カルダモン

デューン/スーパープレミアム[砂の惑星・特別篇]のカルダモンのレビュー・感想・評価

4.5
私にとってファーストコンタクトであるリンチ版こそがデューン・砂の惑星なので思い入れもひとしお。でも、長く慣れ親しんでいる劇場公開版というのは擁護しきれないほど説明不足が甚だしいので、私は主にビジュアル面やキャラの濃さを褒めちぎっていた。説明不足も味だ!と。説明なんてものは湧き立つ想像力の前には無力だ!と盲信していた。しかしいかんともしがたい事実として、やっぱり単純に伝わりづらいのはつらい。
その点、スーパープレミアム版(以下TV長尺版)ではカットされてしまった重要シーンが追加されているので、物語の難解さはある程度軽減されている。また固有名詞や独自の用語がある程度頭に入っていれば相関図もわりとすんなり入ってくる。ただ、TV長尺版には不満点も大いに残る。私的には冒頭部のシーン(皇帝の娘イルランによる回顧録)がバッサリと無くなっている点が許せない。

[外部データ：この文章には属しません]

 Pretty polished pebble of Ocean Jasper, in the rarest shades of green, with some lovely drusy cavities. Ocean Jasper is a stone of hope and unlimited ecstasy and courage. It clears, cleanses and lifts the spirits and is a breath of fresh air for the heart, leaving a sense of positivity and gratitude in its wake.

TV長尺版のオープニングでは宇宙ギルドやベネ・ゲセリット、ハンコンネン家やアトレイデス家の歴史をイラストを使って振り返るというシーンに置き換わっているのだが、この変更がどういった流れで追加されたものなのか興味深い。オープニングこそ世界観(説明という意味ではなく)を伝える重要な役割があるはずなのに、明らかに全体像から浮いて見える。TV長尺版が制作されるにあたりデヴィッド・リンチは監督名義から外れており、架空の監督アラン・スミシーになっているので、誰の手によるものなのか真相は藪の中。

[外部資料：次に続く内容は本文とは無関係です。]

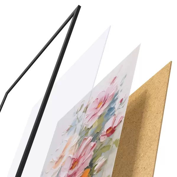 Plakat składa się z ramy, pleksi, wydrukowanego obrazu i podkładu z płyty wiórowej. Plakat można natychmiast zawiesić na ścianie dzięki uchwytom z tyłu.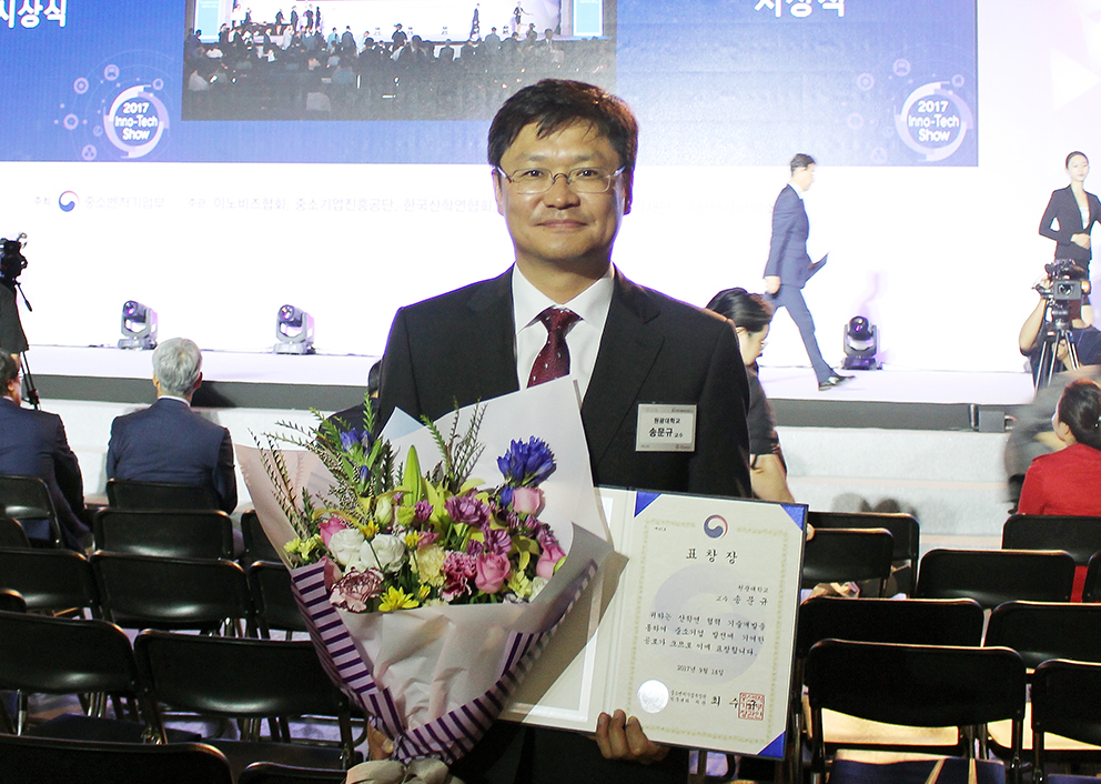 송문규(전자융합공학과 교수) 단장은 LINC+사업단 총괄책임자로서 다양한 산학협력 및 산학공동기술개발과제를 성공적으로 수행했을 뿐만 아니라, 활발한 연구 및 논문 저술을 통해 산학협력 확산에 기여한 공로를 인정받았다.

リンチが描いたDUNEの魅力は世界観が突出しているということに尽きる。38歳長編三本目ながら臆せずに趣味を貫き通す姿勢もすごい。登場人物の顔ぶれも独特な世界の構築に一役も二役も買っていて見ていて飽きない。2時間で描き切れない内容であっても、ビジュアルの力によって消えない記憶として刻み込んでくれた。

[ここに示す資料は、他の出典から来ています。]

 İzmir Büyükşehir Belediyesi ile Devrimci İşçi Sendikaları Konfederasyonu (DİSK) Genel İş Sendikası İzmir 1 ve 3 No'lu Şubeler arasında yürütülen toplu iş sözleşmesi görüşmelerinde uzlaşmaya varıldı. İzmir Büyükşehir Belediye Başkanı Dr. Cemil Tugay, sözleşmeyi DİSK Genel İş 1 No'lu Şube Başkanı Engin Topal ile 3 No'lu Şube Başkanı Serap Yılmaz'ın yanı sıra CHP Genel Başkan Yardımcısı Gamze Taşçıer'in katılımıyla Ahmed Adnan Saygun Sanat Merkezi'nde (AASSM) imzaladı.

結局のところ劇場公開版についてはデヴィッド・リンチ本人にファイナルカット権が与えられず、本来ならば4時間の作品だったところを不本意に短縮された未完成の作品だったのだと思う。リンチが劇場公開版から自身のクレジットを消したかったというのもこの作品自体が失敗だということではなく、映画会社側による意に沿わない編集の問題だったそうです。
その後、リンチ自身が自分の意図した通りの長尺版を復活させる企画が立ち上がったらしいのですが、残念ながら頓挫したとのこと。今からでも遅くない(いやだいぶ遅いが)失われたフィルムを発掘し完全版を復活させてくれやしないか。リンチの長尺版は荒編集ではあるものの公開当時にブラジルの一部で上映されたという話があり、実在はしていたらしいので、どこかの倉庫に眠っているに違いない。


余談
某 tubeでDUNE関連の動画を漁っていたところ非公式のファンエディット版なるものを発見。日本語字幕付きだったのでモノは試しと興味半分で見始めたところ、これがなかなか素晴らしい出来栄えで驚きました。作成者の解説によれば劇場公開版とTV長尺版をベースに未公開映像素材と第7稿脚本や本人の証言などから分析して再構成したというシロモノで、かなり理想形に近いのではと想像。たぶん制作者本人も完全版を観たいあまりに作ったのだろう。お気持ちお察しします。

劇場公開版、TV長尺版とあわせてヴィルヌーヴ版と比較するのは楽しいと思う。夏にはリンチ版が4Kで劇場公開されることが決定したのでとても楽しみ。
改めて思ったことはやっぱりIMAXフォーマットよりも横長のシネマスコープサイズが好きだってこと。映画っぽいから。

どうでもいいけどフィルマークスのジャンル分け的には[ホラー]なんですかね?たしかにリンチの美しくて不気味で不快で悪夢的な描写は実質ホラーといえるかも。